> **Aim of the task**
For this exercise, print the listing below exactly, without its pictures.

> **Data**

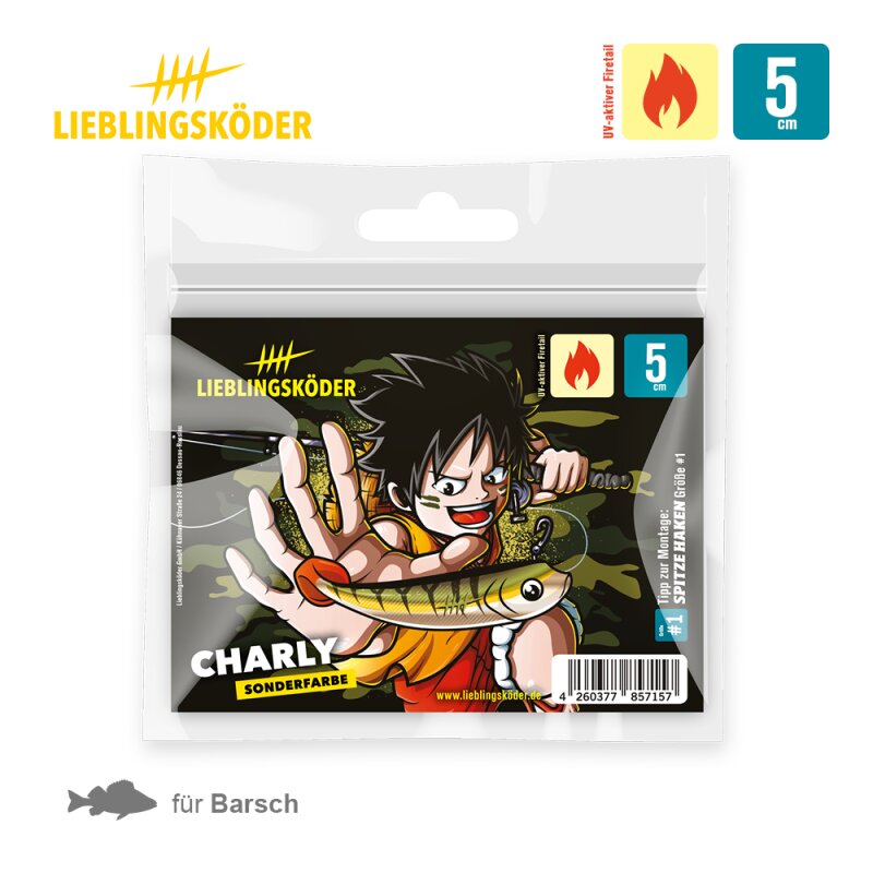 Der Gummiköder Charly hat ein filigranes Linienmuster auf den Schuppen und ist im Wasser von einem echten Barsch kaum zu unterscheiden. Eingearbeitet ist ein UV-Effekt auf beiden Seiten, zu sehen an den gelb-grünen Streifen an den Flanken. Das orangefarbene Schwanzende macht den Gummiköder besonders fängig.
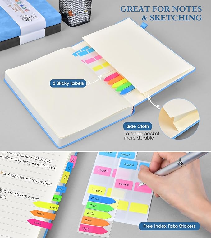• 【180°Lay Flat for Writing】Our notebook also comes with 180°Lay Flat Journal Notebook, which makes writing a breeze. The elastic pen holder and bookmark ensure that you never lose track of your pen, and the 2 elastic closures ensure that your journal stays securely closed. The 3 colored ribbon bookmarks and 3 sticky labels provide even more ways to customize your journal to your liking.Built-in back pocket that is great for storing loose notes, cards, or other important items.
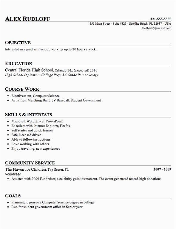 Job Resume Samples For High School Students
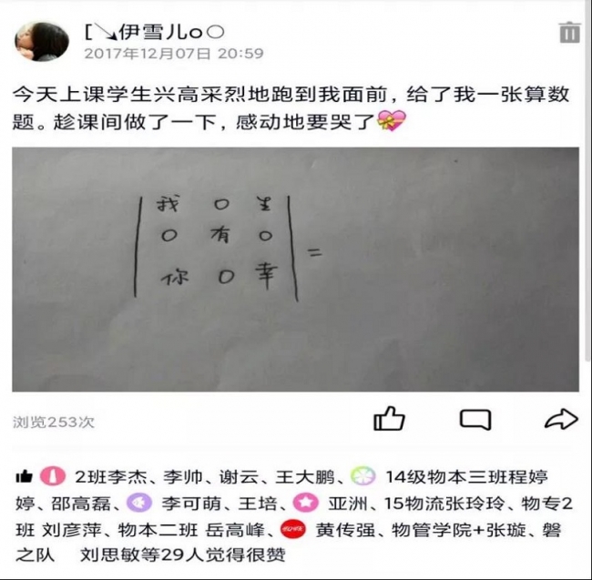 一次课间休息时,王姿力还收到了学生递来的一张小纸条,纸条上是一道特殊的行列式,她试着做了一下,解出来的答案是“我有幸一生有你”。对于当时教龄不长的王姿力来说,这是一种鼓舞和肯定,她还专门发了一条QQ动态,记录身为一名教师的感动与幸福。一张不起眼的小纸条,却承载着学生对老师满满的爱和信任。

> **Written answer**
 Der Gummiköder Charly hat ein filigranes Linienmuster auf den Schuppen und ist im Wasser von einem echten Barsch kaum zu unterscheiden. Eingearbeitet ist ein UV-Effekt auf beiden Seiten, zu sehen an den gelb-grünen Streifen an den Flanken. Das orangefarbene Schwanzende macht den Gummiköder besonders fängig.
• 【180°Lay Flat for Writing】Our notebook also comes with 180°Lay Flat Journal Notebook, which makes writing a breeze. The elastic pen holder and bookmark ensure that you never lose track of your pen, and the 2 elastic closures ensure that your journal stays securely closed. The 3 colored ribbon bookmarks and 3 sticky labels provide even more ways to customize your journal to your liking.Built-in back pocket that is great for storing loose notes, cards, or other important items.
 Job Resume Samples For High School Students
 一次课间休息时,王姿力还收到了学生递来的一张小纸条,纸条上是一道特殊的行列式,她试着做了一下,解出来的答案是“我有幸一生有你”。对于当时教龄不长的王姿力来说,这是一种鼓舞和肯定,她还专门发了一条QQ动态,记录身为一名教师的感动与幸福。一张不起眼的小纸条,却承载着学生对老师满满的爱和信任。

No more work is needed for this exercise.